Consider, too, that Sunderland have a number of talented assets in the final year of their current deal (Luke O’Nien, Jordan Willis and Denver Hume to name three).
Should they renew at any time, their wage for the cap will no longer be the divisional average, but the new salary that they are earning.
The two key positions for Parkinson to fill
All of which underlines why the loan market and U21 additions are attractive to the Black Cats right now.
At the moment, it looks as if there are two key positions that Parkinson wants to fill.
The priority, clearly, is competition and cover at left wing-back.
Denver Hume continues to go from strength to strength and would take some shifting from the side, but there is a recognition that he cannot play every minute of every game.

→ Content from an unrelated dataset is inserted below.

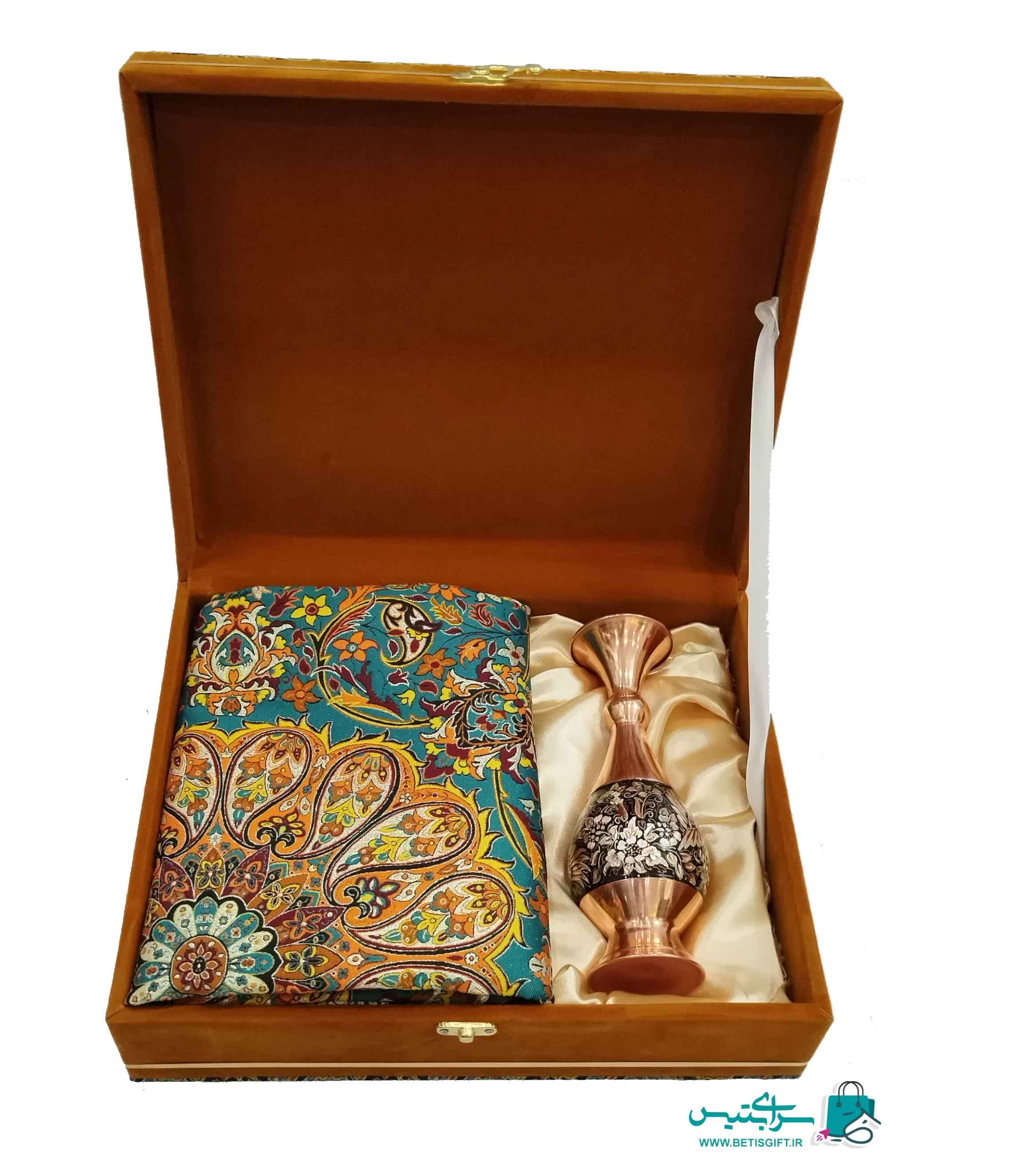 ست هدیه گلدان 20الماس نقره و رومیزی ترمه 1*1 به همراه جعبه هدیه

The situation is not critical, in that O'Nien and Lynden Gooch can offer emergency cover (Tom Flanagan probably could too), but that is probably not sustainable for the course of a full season.

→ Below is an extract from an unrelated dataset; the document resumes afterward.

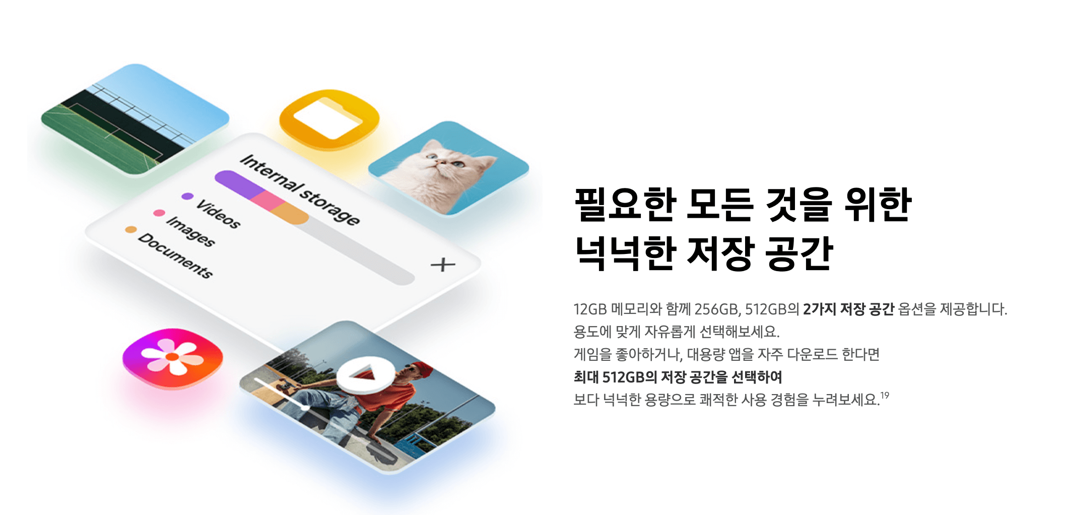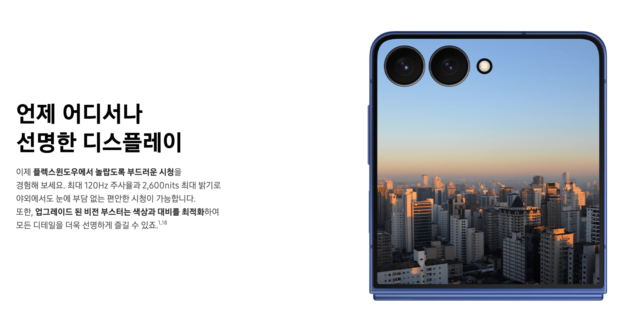 | 갤럭시 Z 플립7 | - 13.7mm 두께 - 4,300mAh 배터리 - 삼성 덱스 지원 - 나우 바 & 나우 브리프 - 맞춤형 커버 스크린 정보 제공 |

It seems certain that this will be a slot filled by one of the senior spaces available, and Parkinson has options in mind if a deal that suits all parties can be struck.
Parkinson is keeping across the loan market but the reality is that most Premier League clubs want guarantees for their youngsters. Hume's form makes that difficult.
Parkinson's plans have also been complicated by the serious injury suffered by Morgan Feeney.
Though Parkinson does have plenty of options, it's a question of balance.
He is likely to continue with three at the back for the forseeable future and wants two options in every position.
On the left, he has Flanagan and Xhemajli. On the right, Willis and Conor McLaughlin (with Brandon Taylor as additional cover).
Feeney was the understudy to Bailey Wright in the middle, with Parkinson believing they share similar characteristics.
So Parkinson is keen for another addition in that position, and clearly the U21 market will be an option he has to consider.
Any other business?
Many supporters are keen to see at least one other attacking addition, though the above outlines why that could be tricky.
Parkinson, too, has Embleton returning to fitness and potentially, Benji Kimpioka returning to the club (though he will be well short of match fitness).
The pursuit of Mateo Bajamich shows he is not against another additon up front, though competition is fierce for the Argentinian. He has also said he will only loan a player if they immediately improve his starting XI.
Parkinson has noted Bajamich's pace and dynamism, which underlines the characterstics he may be open to adding.
It shows there could be funds available for an U21 player, but it's worth stressing that it does not mean one will arrive, regardless of what happens with the Bajamich pursuit.
These deals are about a calculated gamble and require agreement across key figures at the club.
One to watch, rather than one to expect.